A BIG council shake-up has taken place – with senior management posts cut by almost a half.
Another 100 staff are also leaving the local authority.
Flintshire Council chief executive Colin Everett said the new “leaner” structure would make better use of people’s management talents but was “not without risk”.
In the changes which came into effect earlier this month, the old three-tier system of top management has been abolished.
The roles of all three directors and 14 heads of services have been scrapped and the new post of chief officer has been created.
Nine chief officers will now take responsibility for reorganised departments with two sharing responsibility for “organisational change”.
A handover period is now in operation and will continue for the next month or two.
Those already known to be leaving the authority have either taken early retirement, voluntary redundancy or have taken up positions elsewhere.
As many as 100 other council employees are leaving the authority as a result of the wider reorganisation.
Mr Everett said all those leaving had applied for either early retirement or voluntary redundancy. About 50 per cent of those who applied to leave had had their request granted.
All but two of the new chief officer positions have been filled and interviews are now taking place for the roles of chief officer for governance and a second chief officer for organisational change.
Appointments are expected in the coming weeks.
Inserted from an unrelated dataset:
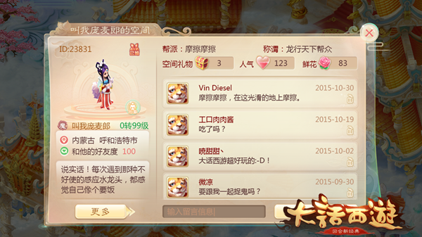 不仅如此,11月11日良宵节当天,《大话西游》手游还将在老服开启“大话佳人榜——帮派人气大比拼”活动。11月11日12:00至11月16日22:00活动期间,玩家可在个人空间上传照片,吸引帮派好友或其他玩家点赞送花,提升个人人气。人气值可通过大话佳人榜排名实时查看,每名参与点赞送花的玩家,都将得到丰厚的经验奖励。
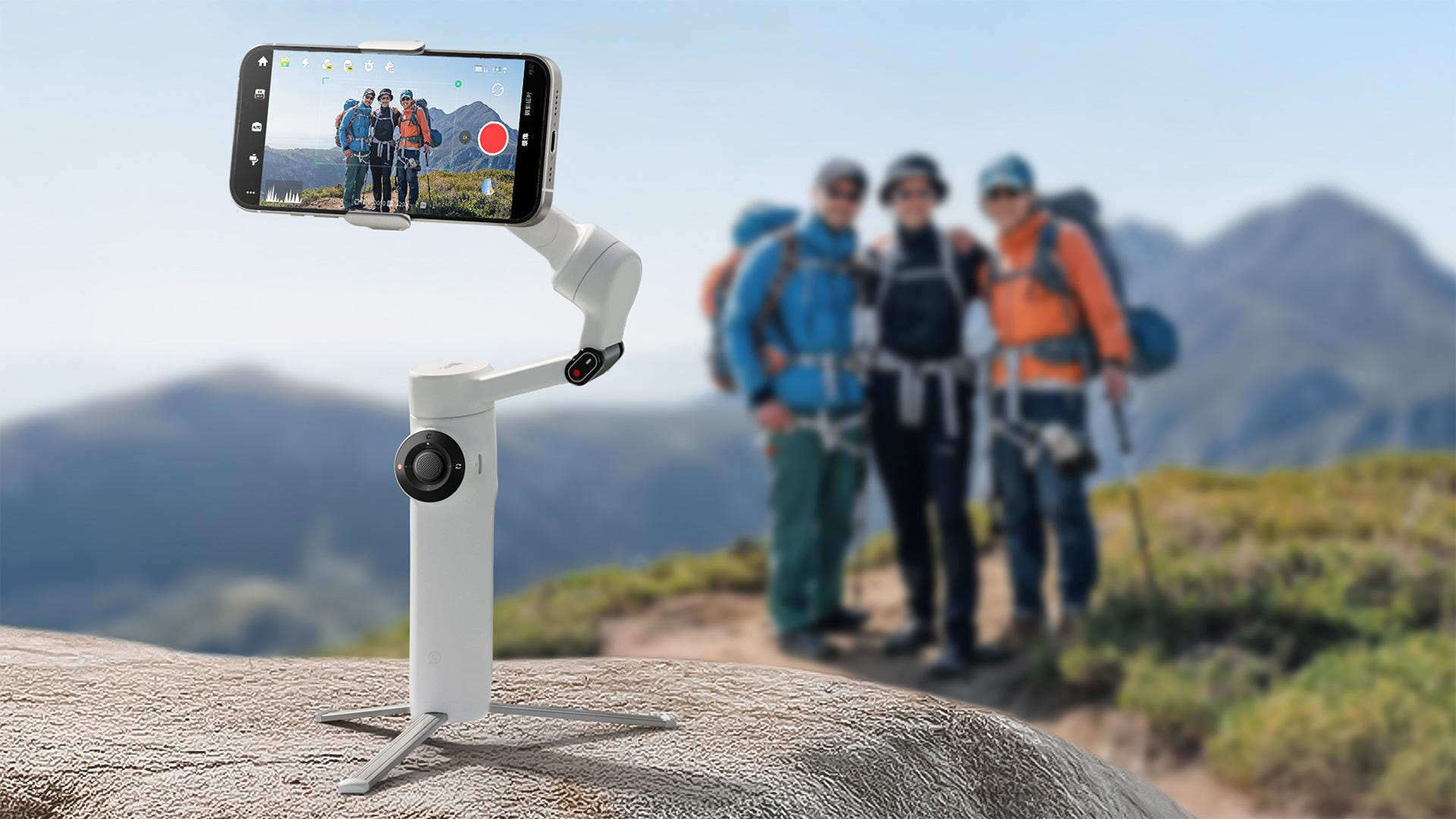 🦾 Features 3-axis stabilization, built-in tripod, and selfie-arm

Mr Everett said as well as a need to cut management costs, it was six years since the last reorganisation and changes were due.
“We’re a well-run council but the management-style did need freshening up,” he said. “Six years is quite a period for an operating model to run without major change in any organisation.”
Mr Everett said the new model involved less hierarchy and was “a more flexible model in practice”.
“It’s quite a significant reduction,” he said, “but it’s not just about fewer people but about using people’s talents better.”
He described it as “unusual and inventive model” which was creating interest in other councils.
The structure is more “dynamic” with people “given more space and more responsibility”.
“We’re confident it’s going the way we want it to,” he said. “We wouldn’t have put up a model we didn’t believe in.”
But the organisational change is not without risk.
Mr Everett said there would be a “learning curve” for staff in new roles and it remained to be seen whether enough managers remained at other levels. “But if we feel something doesn’t work, we can adjust it.”